- **Task prompt**
Wherever the line with "[서울=뉴스핌] 이형석 기자" sits in the listing below, transcribe from it up to and including the line with "Filorga Time-Flash Base", exactly, and leave the remaining lines out.

- **Supplied material**
####

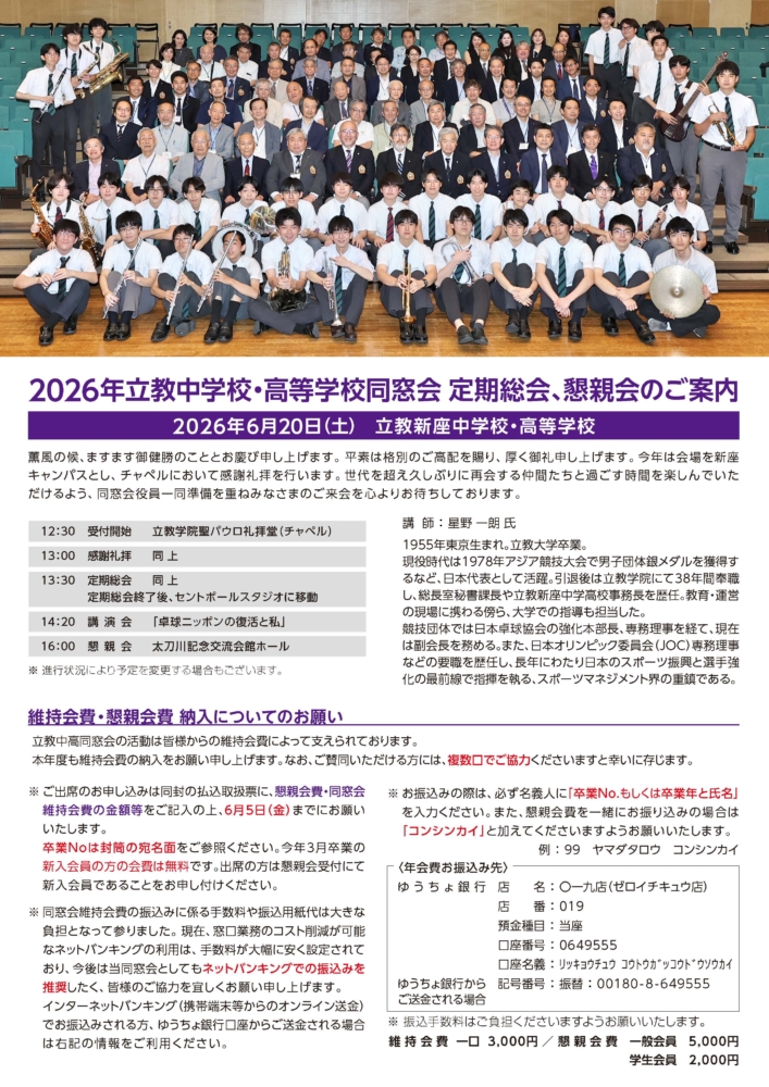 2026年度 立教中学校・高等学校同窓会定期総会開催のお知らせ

####

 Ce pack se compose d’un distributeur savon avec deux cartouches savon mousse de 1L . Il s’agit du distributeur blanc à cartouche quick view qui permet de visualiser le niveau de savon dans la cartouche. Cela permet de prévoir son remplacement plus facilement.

####

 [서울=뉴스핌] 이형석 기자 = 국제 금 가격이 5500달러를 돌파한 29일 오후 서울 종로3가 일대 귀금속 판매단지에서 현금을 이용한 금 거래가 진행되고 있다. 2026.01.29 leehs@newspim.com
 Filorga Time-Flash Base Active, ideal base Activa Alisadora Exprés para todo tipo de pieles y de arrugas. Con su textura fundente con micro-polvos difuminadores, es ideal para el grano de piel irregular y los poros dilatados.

####

- **Output**
 [서울=뉴스핌] 이형석 기자 = 국제 금 가격이 5500달러를 돌파한 29일 오후 서울 종로3가 일대 귀금속 판매단지에서 현금을 이용한 금 거래가 진행되고 있다. 2026.01.29 leehs@newspim.com
 Filorga Time-Flash Base Active, ideal base Activa Alisadora Exprés para todo tipo de pieles y de arrugas. Con su textura fundente con micro-polvos difuminadores, es ideal para el grano de piel irregular y los poros dilatados.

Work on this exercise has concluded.